SELAMA upacara adat Erau berlangsung, beberapa prosesi sakral digelar pihak Kesultanan Kutai Kartanegara Ing Martadipura. Salah satunya adalah Merangin.
“Merangin adalah salah satu adat wajib dilakukan setelah Menjamu Benua dan Sultan menjalani prosesi Beluluh (pensucian.red) dan mulai Betuhing (menjalani pantangan), acara ini suatu gerbang komunikasi yang di lakukan dengan alam sebelah bahwa Erau akan dimulai, ” ujar Raden Dedi melalui jejaring sosialnya.
Jadi Merangin dilakukan sejak tiga hari sebelum Erau di resmikan dengan mendirikan Tiang Ayu, dan setiap malam sebelum prosesi sakral Bepelas, kecuali Kamis malam atau malam Jumat. Demikian juga yang terlihat pada Senin (26/9) malam sebelum Bepelas malam ke dua.

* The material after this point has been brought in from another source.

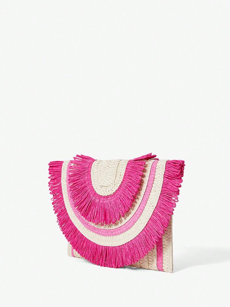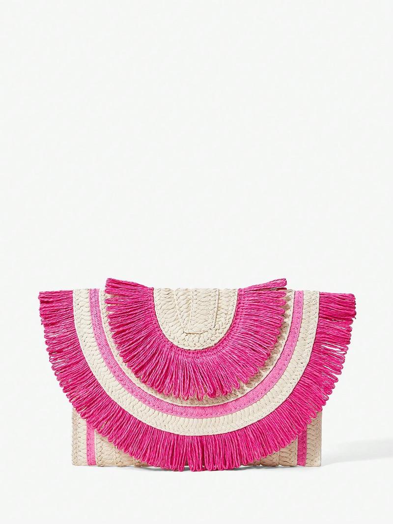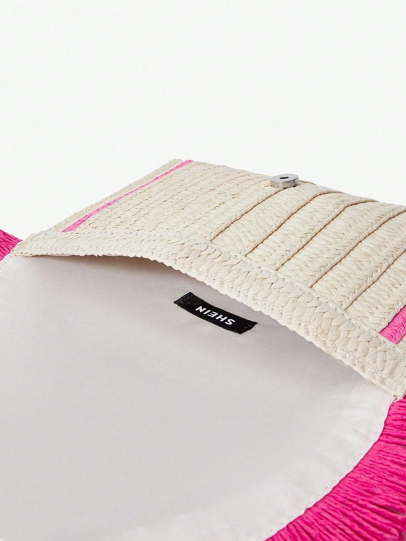 SHEIN SXY Женская модная простая двухцветная тканая сумка, ярко-розовый

Merangin dilakukan oleh para Belian (pria abdi khusus ritual) dan Dewa (wanita abdi khusus ritual), yang membacakan Memang (mantera), sambil mengelilingi romba atau binyawan, sambil sesekali berputar dengan cepat menaiki alat ritual mirip selinder besar yang dililiti janur kelapa yang dapat berputar pada porosnya.
Merangin tersebut dimulai sejak pukul 20.00 WITA dipusatkan di Serapo Belian yaitu bangunan kayu beratap daun nipah yang terletak di samping depan halaman Keraton Kesultanan Kutai atau Museum Mulawarman Tenggarong.
Ritual Merangin ini diawali dengan pembacaan Memang oleh salah satu dari Belain yang mengelilingi Binyawan yang diletakkan di tengah bangunan. Sementara, pimpinan Dewa ikut dalam lingkaran tersebut membakar kemenyan tampak sesekali
menghamburkan beras kuning.
Binyawan adalah alat utama dalam ritual Merangin berbentuk tiang terbuat dari bambu, dan dibalut janur kuning yang disusun dari bawah hingga ke atas sebanyak 7 tingkat. Di bagian atas Binyawan terdapat replika burung enggang yang terbuat dari kayu. Sementara di bagian bawahnya terdapat replika kura-kura yang juga dibuat dari kayu.
Peralatan lainnya yaitu di sisi pinggiran dalam Serapo Belian terdapat dua ayunan yang terbuat dari kayu dengan rotan sebagai penggantungnya. Salah satu ayunan diukir dengan ornamen Buaya yang disebut Romba, sedangkan satu ayunan lagi disebut Ayun Dewa.
Bunyi tetabuhan gendang dan gong berirama monoton yang terus mengalun mengiringi ritual itu, menambah suasana magis semakin terasa dalam upacara adat itu. Apalagi ketika para Belian mulai berputar mengelilingi Binyawan yang diletakkan di tengah bangunan.
Ketika para Belian terus berlari keliling sambil memegangi batang Binyawan, tiang Binyawan itu pun ikut berputar pada sumbunya. Para Belian tampak sesekali menaiki alat ritual yang berputar makin lama makin cepat itu.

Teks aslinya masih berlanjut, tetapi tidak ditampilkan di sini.